KR20060084124A - Method for preparing of corrugated ceramic paper and corrugated ceramic paper using the same - Google Patents

Abstract

A method of making corrugated ceramic paper is provided.

The manufacturing method of the corrugated ceramic paper according to the present invention is characterized by improving the dispersion of the fiber and forming uniform pores in the final paper by using the ceramic fiber of the sub-millimeter length, organic fibers or pulp, etc. Even though the auxiliary material of is not used, the moisture content of the green ceramic paper is adjusted first in the pre-corrugation step to maintain the flowability and tensile strength of the green ceramic paper in the corrugation step, thereby optimizing the waveform and then moisture It is possible to maintain excellent the degree of waveform by suppressing the restoration of the corrugated shape by completely drying and then firing it to maintain the strength of the final ceramic paper is excellent. Ceramic paper prepared according to the present invention is excellent in uniformity of pores and excellent in strength.

Ceramic Paper, Pore Uniformity

Description

Method for preparing corrugated ceramic paper and corrugated ceramic paper produced by the same {Method for preparing of corrugated ceramic paper and corrugated ceramic paper using the same}

Figure 1 shows the size and distribution of the pore diameter in the ceramic paper prepared according to Example 1 of the present invention.

Figure 2 shows the size and distribution of the pore diameter in the ceramic patterner prepared by Comparative Example 1.

The present invention relates to ceramic papers, and more particularly, to a method for producing corrugated ceramic paper and a corrugated ceramic paper produced thereby.

Since the late 1970s, a diesel particulate filter (DPF) has been proposed and studied as a device for filtering particulate matter from diesel engines.DPF is divided into honeycomb monolith filter, ceramic fiber filter and metal filter.
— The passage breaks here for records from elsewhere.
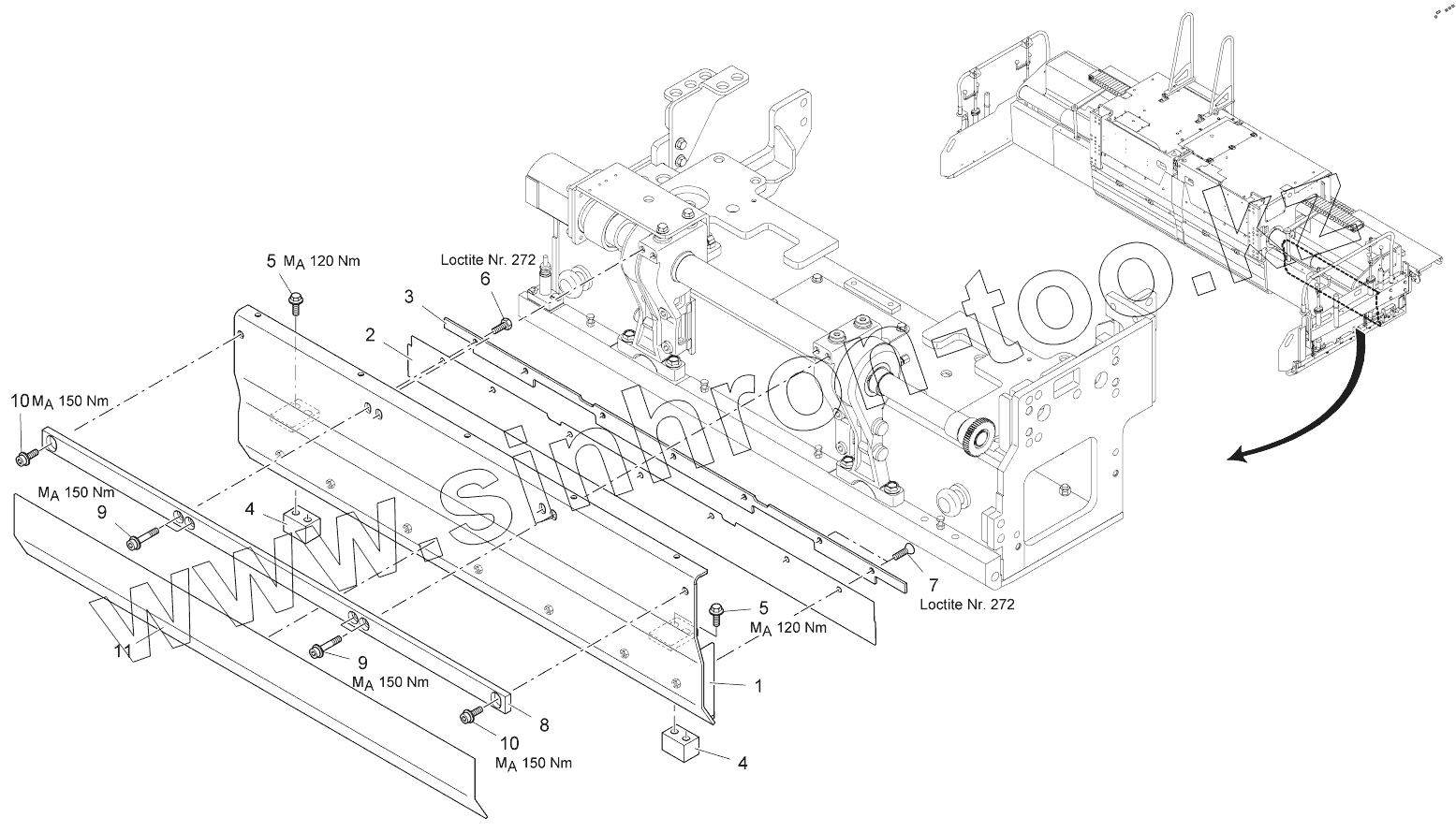 Каталог запасных частей к технике: VOGELE AB500-2 TV. TAMPER SHIELD: EXTENDING UNIT
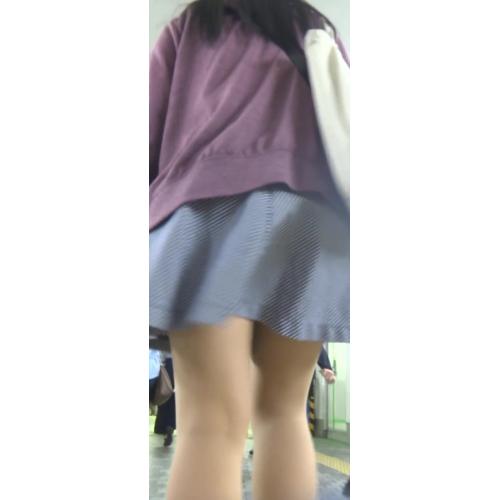 彼女はグレーのボーダー柄ミニスカートを履いていました。プリーツが弱めで裾がひらひらしており、パンツを撮るにはもってこいです。すぐにカメラを準備して撮影を開始しました。
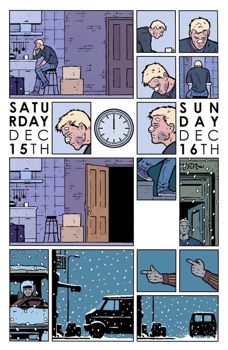 На этом фоне подход Дэвида Аджи в Hawkeye выглядит осознанным противопоставлением. Он использует сетку не как техническую рамку, а как основу визуального языка. Панели чаще всего ровные, повторяются по форме и размеру, создают стабильный ритм и выстраивают спокойную навигацию. Если в Avengers ритм страницы определяется динамикой сюжета, то у Аджи ритм задаётся заранее — сеткой. Она структурирует сцену даже до того, как в ней появляется действие.
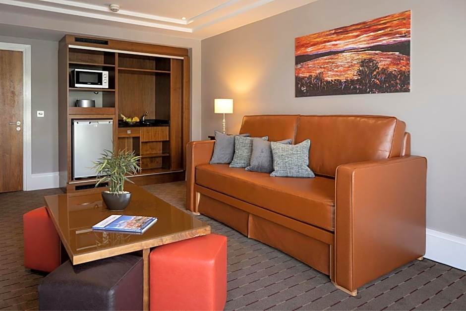 Separate bedroom and living areas, each with plasma-screen TV. Kitchenette has fridge, microwave and toaster.
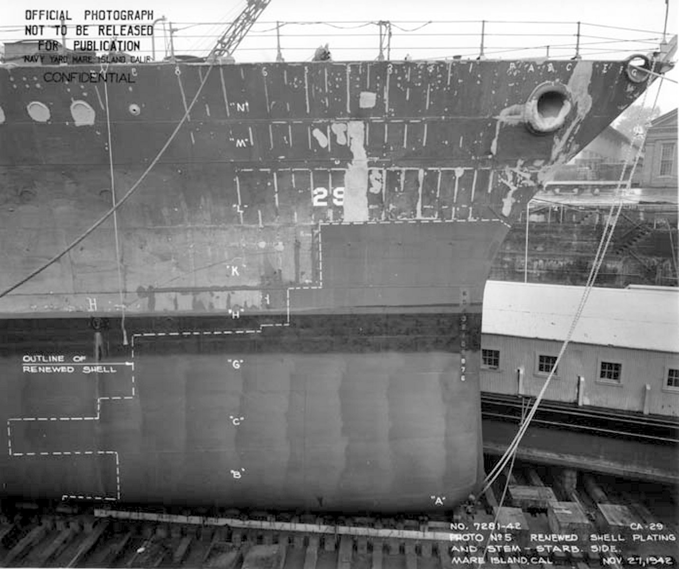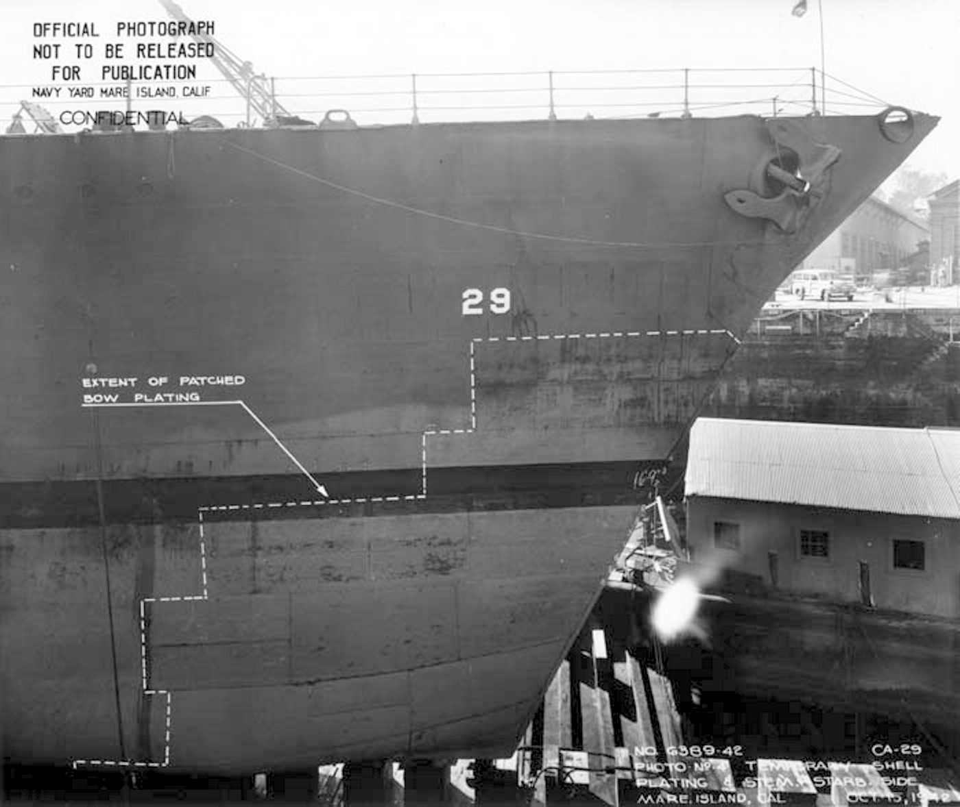 Closeup of fully repaired bow. Dotted line indicates area of the repair. Photo taken 27 November 1942 at Mare Island. National Archives, San Francisco Branch, Mare Island Naval Shipyard General Correspondence files, 1941-47 |

Can be. Among these, honeycomb monolith filter has a disadvantage of short life because it is vulnerable to high temperature thermal shock, and metal filter has advantages of price and ease of manufacture, but has a disadvantage of heat resistance and corrosion resistance. Research is actively being conducted.

The ceramic fiber filter has a porosity of 80% or more, has excellent ability to collect fine particles of 1 μm or less, and has a strong advantage in thermal shock due to the inherent elasticity of the fiber, and is used in the diesel engine because it can be structured in various forms. In addition to the dust filter may be used as a heat insulating material or a photocatalyst support.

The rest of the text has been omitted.